Dataset entries:
========
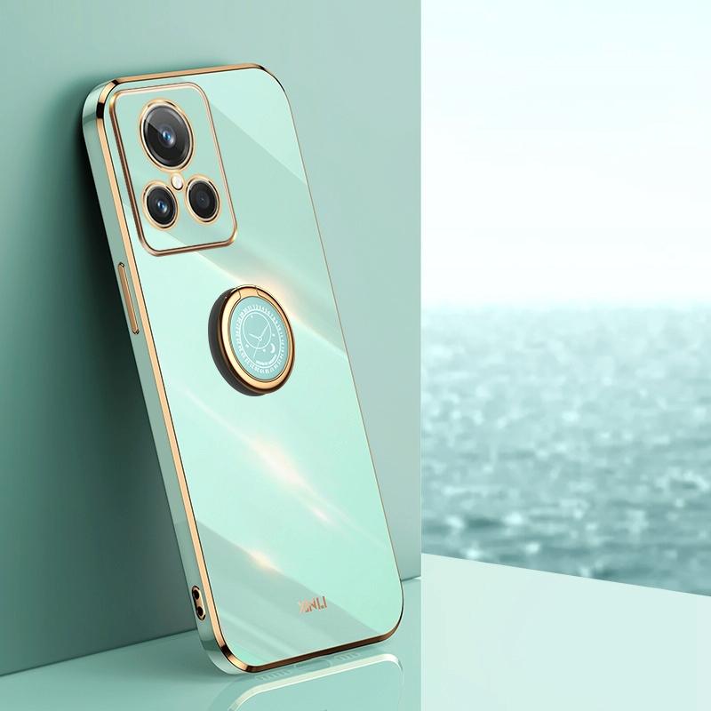 Θήκη τηλεφώνου Realme GT2 Explorer Master 5G XINLI με ευθεία άκρη, 6D ηλεκτρολυτική επίστρωση TPU με δακτύλιο στήριξης (Μέντα Πράσινο)
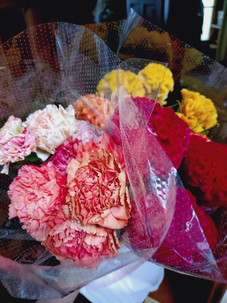 今回は秋に大人気の花材「ケイトウ」とこっくり秋カラーの「カーネーション」を2束セットでお届けします🧶🍁🐿️
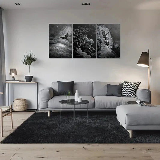 3pcs Dark Fantasy Gothic Devil Riding Horse Metal Print Ready to Hang Art
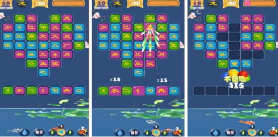 与市面上的文字类游戏完全不同,在随机生成的汉字网格当中,通过点击或者划线的方式选择组合的偏旁或者部首,完成汉字或词语消除,不同汉字在颜色方面是有所差异的,最终形成极高的辨识度,整体的规格较为简单,设计富有深度。
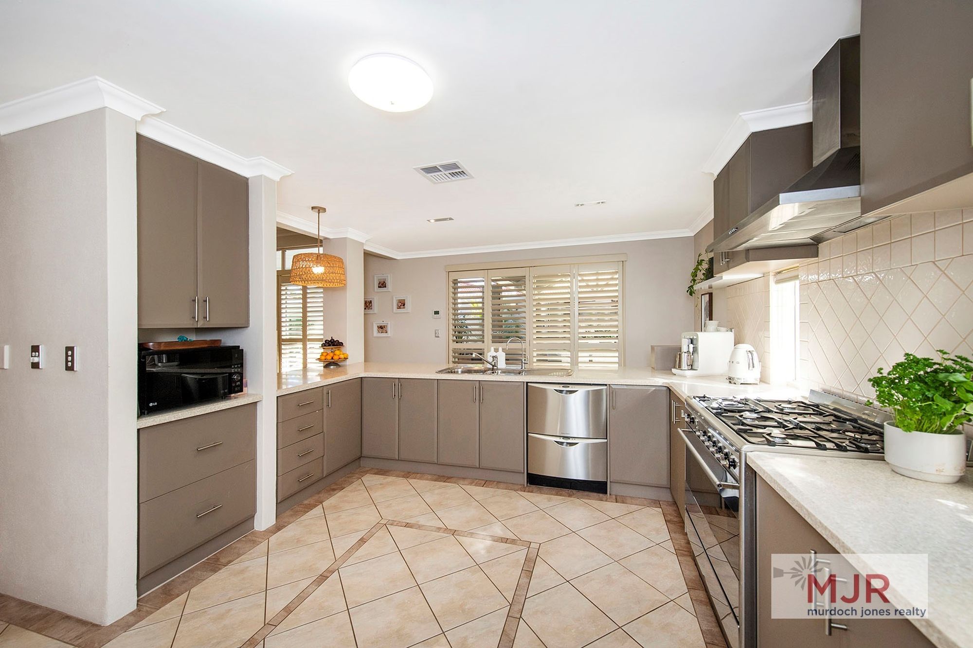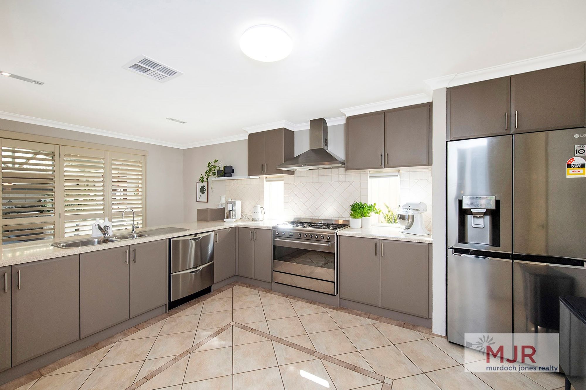 *Modern kitchen with stainless steel appliances, 900mm Smeg oven, dishwasher and large pantry
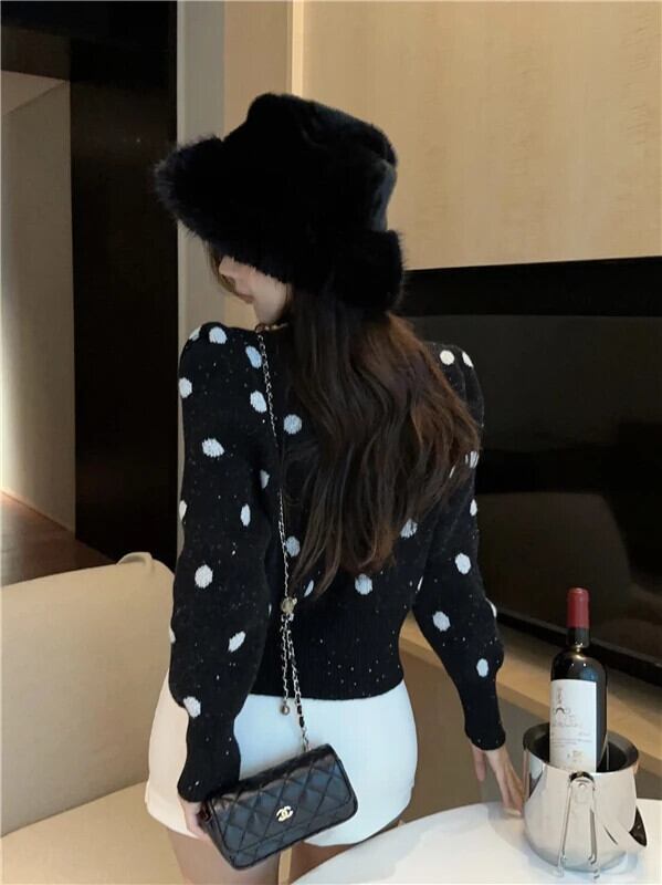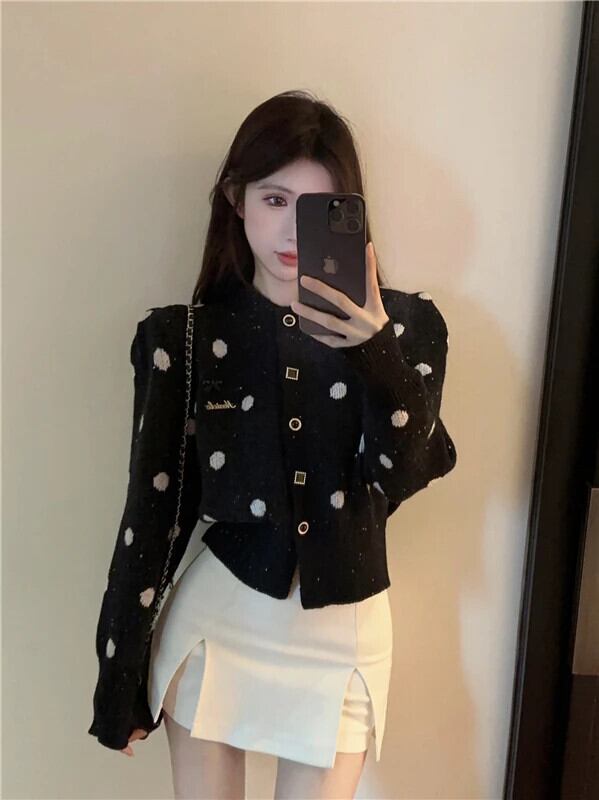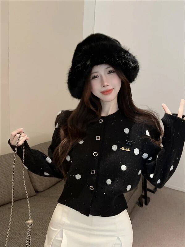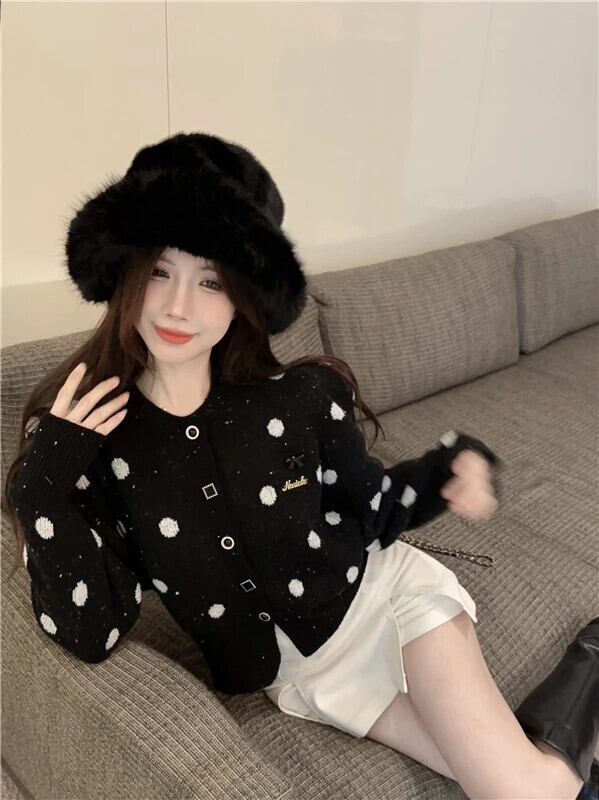 Sweet Girl 水玉模様シングルブレストセーター冬 O ネック長袖ショートニットカーディガン ロング 大人ガーリー スウィート キュート カジュアル ウィンター 冬物 Oネック
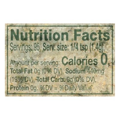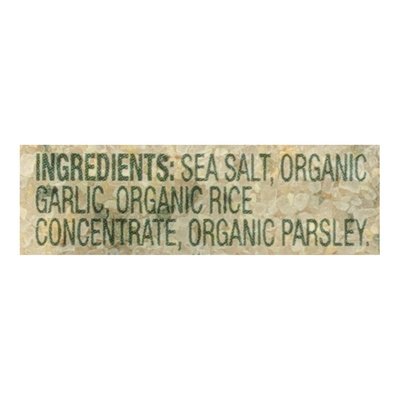 INGREDIENTS: Sea Salt, Organic Garlic, Organic Rice Concentrate, Organic Parsley.
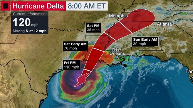 Major Hurricane Delta Tracking Toward Gulf Coast With Storm Surge, Winds, Flooding Rain in Laura-Weary Louisiana
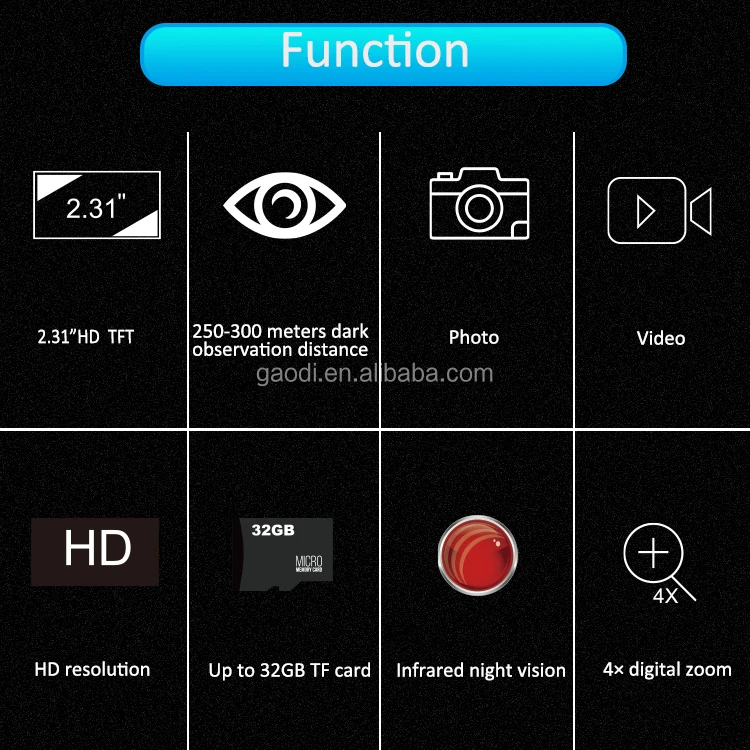 | Memory card: | Up to 32GB; | Viewing distance: | 250-300m; |
========
Instructions to follow: Go back to the line containing "今回は秋に大人気の花材「ケイ" and output it and every line after it through the end of the records, exactly, but not the pictures.

Response to this task:
 今回は秋に大人気の花材「ケイトウ」とこっくり秋カラーの「カーネーション」を2束セットでお届けします🧶🍁🐿️
 3pcs Dark Fantasy Gothic Devil Riding Horse Metal Print Ready to Hang Art
 与市面上的文字类游戏完全不同,在随机生成的汉字网格当中,通过点击或者划线的方式选择组合的偏旁或者部首,完成汉字或词语消除,不同汉字在颜色方面是有所差异的,最终形成极高的辨识度,整体的规格较为简单,设计富有深度。
 *Modern kitchen with stainless steel appliances, 900mm Smeg oven, dishwasher and large pantry
 Sweet Girl 水玉模様シングルブレストセーター冬 O ネック長袖ショートニットカーディガン ロング 大人ガーリー スウィート キュート カジュアル ウィンター 冬物 Oネック
 INGREDIENTS: Sea Salt, Organic Garlic, Organic Rice Concentrate, Organic Parsley.
 Major Hurricane Delta Tracking Toward Gulf Coast With Storm Surge, Winds, Flooding Rain in Laura-Weary Louisiana
 | Memory card: | Up to 32GB; | Viewing distance: | 250-300m; |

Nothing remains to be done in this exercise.